Braxton Mandara, DSAIL

15-09-2025

**Abstract**

This notebook explores the relationship between literacy rates and poverty levels across Kenyan counties through a comprehensive, spatially-informed data analysis. It integrates multiple datasets—including county boundaries, school locations, population census, literacy rates, and poverty indicators—visualizing the geographic distribution of educational infrastructure and population density.

By merging and normalizing these datasets, the notebook enables statistical analyses such as correlation and regression, revealing a strong, statistically significant negative association between poverty rates and literacy rates. Interactive and static maps highlight regional disparities in school access and population, while scatter plots and heatmaps illustrate key socioeconomic patterns.

The notebook also identifies outlier counties and evaluates the predictive power of poverty and demographic indicators for literacy outcomes. Overall, this work demonstrates how geospatial data blending and statistical modeling can uncover critical insights into educational equity and poverty, informing policy and resource allocation in Kenya.

# **Step 1: Initial Setup**

Installing Python packages which we will use to download, model and analyze map features and other spatial data from OpenStreetMap.

In [None]:
%%capture
%pip install osmnx

In [None]:
import osmnx as ox
import matplotlib.pyplot as plt
import warnings
import math
import pandas as pd

warnings.filterwarnings("ignore", category=FutureWarning, module='osmnx')

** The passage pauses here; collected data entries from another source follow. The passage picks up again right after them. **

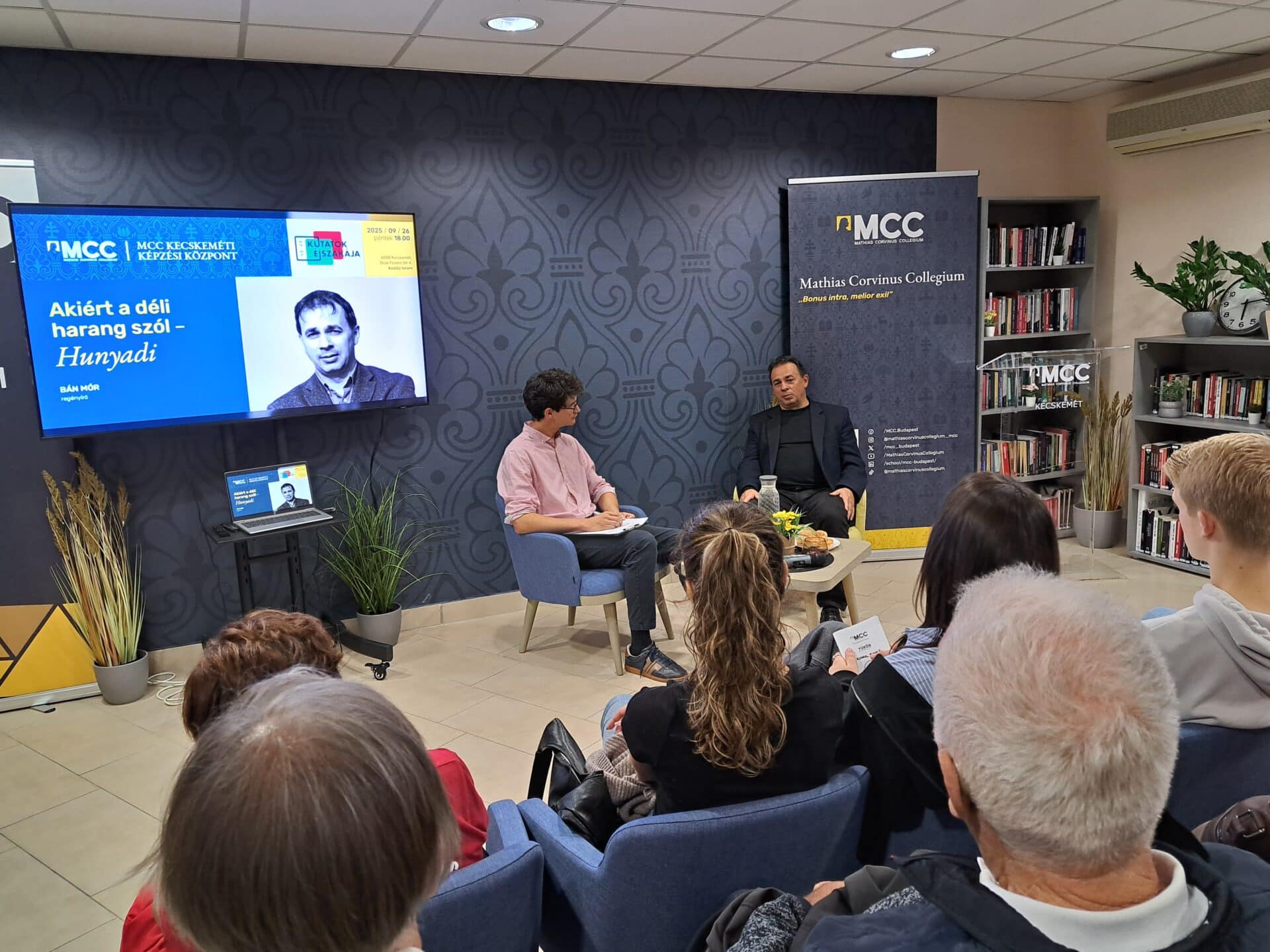 A Mathias Corvinus Collegium (MCC) kecskeméti központjának Kodály-terme megtelt péntek este a Bán Mórral (polgári nevén Bán Jánossal, Kecskemét alpolgármesterével) való beszélgetésre. A téma természetesen nem is lehetett más, mint a népszerű Hunyadi-sorozat, könyvben és a filmvásznon. Az est a Kutatók Éjszakája programjai közé illeszkedett, hiszen egy történelmi regényfolyam megírása komoly kutatómunkát igényel – Bán Mór erről is mesélt többek között.
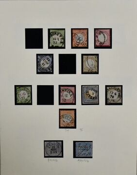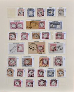 Brustschilde, Zusammenstellung mit vielen schön gestempelten Werten (Nr. 12/13 nur hs. entwertet), ab Nr. 1-11 meist doppelt (!), Nr. 12 per zwei, 14-15, 16(2)-22, mit dreimal Nr. 21, 23(4), 27, 28 (Stempel falsch), 29-30, diverse hübsche Briefstücke etc., günstiger Ausruf!
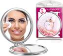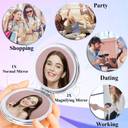 Majestique compact mirror is made of excellent material with durable plating layer, which makes the compact mirror more wear-resistant and durable and has a longer service life. Distortion-free glass produces undistorted reflections, so you can see the tiniest beauty details. High-quality, quality Durable Metal Edge last long time and don't rust. The small, compact mirror comes with 1 normal HD mirror and 1 magnifying HD mirror. The normal HD mirror provides you with a clear true image, and the magnifying HD mirror assists you for applying makeup or a close-up eyebrow, blackhead and tweeting and seeing the tiniest details. Makeup becomes faster and easier. Great for putting in contacts, popping pimples, flossing, removing blackheads, applying eyeliner, mascara, grooming brows, and tweeting. It can be easily put into pockets, handbags, backpacks, women's long wallets, women's totes, makeup bags, etc.
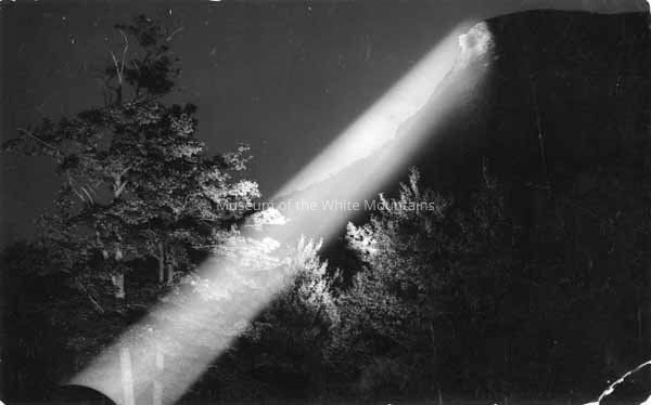 Black and white nightime view of the Old Man of the Mountain with a spotlight shining on his face. Photography by Dick Smith.

# **Step 2 : Plot map of Kenya**

Plotting map of Kenya

In [None]:
!git clone https://github.com/call493/fynesse.git
import sys
sys.path.append("/content/fynesse")

In [None]:
%cd /content/fynesse
!git pull origin main

In [None]:
import fynesse

In [None]:
fynesse.access.plot_map("Kenya")

Let us proceed to plot the county boundaries.

In [None]:
import geopandas as gpd
import matplotlib.pyplot as plt

# URL to the GeoJSON file for Kenyan counties (ADM1) from GeoBoundaries
geojson_url = "https://github.com/wmgeolab/geoBoundaries/raw/9469f09/releaseData/gbOpen/KEN/ADM1/geoBoundaries-KEN-ADM1.geojson"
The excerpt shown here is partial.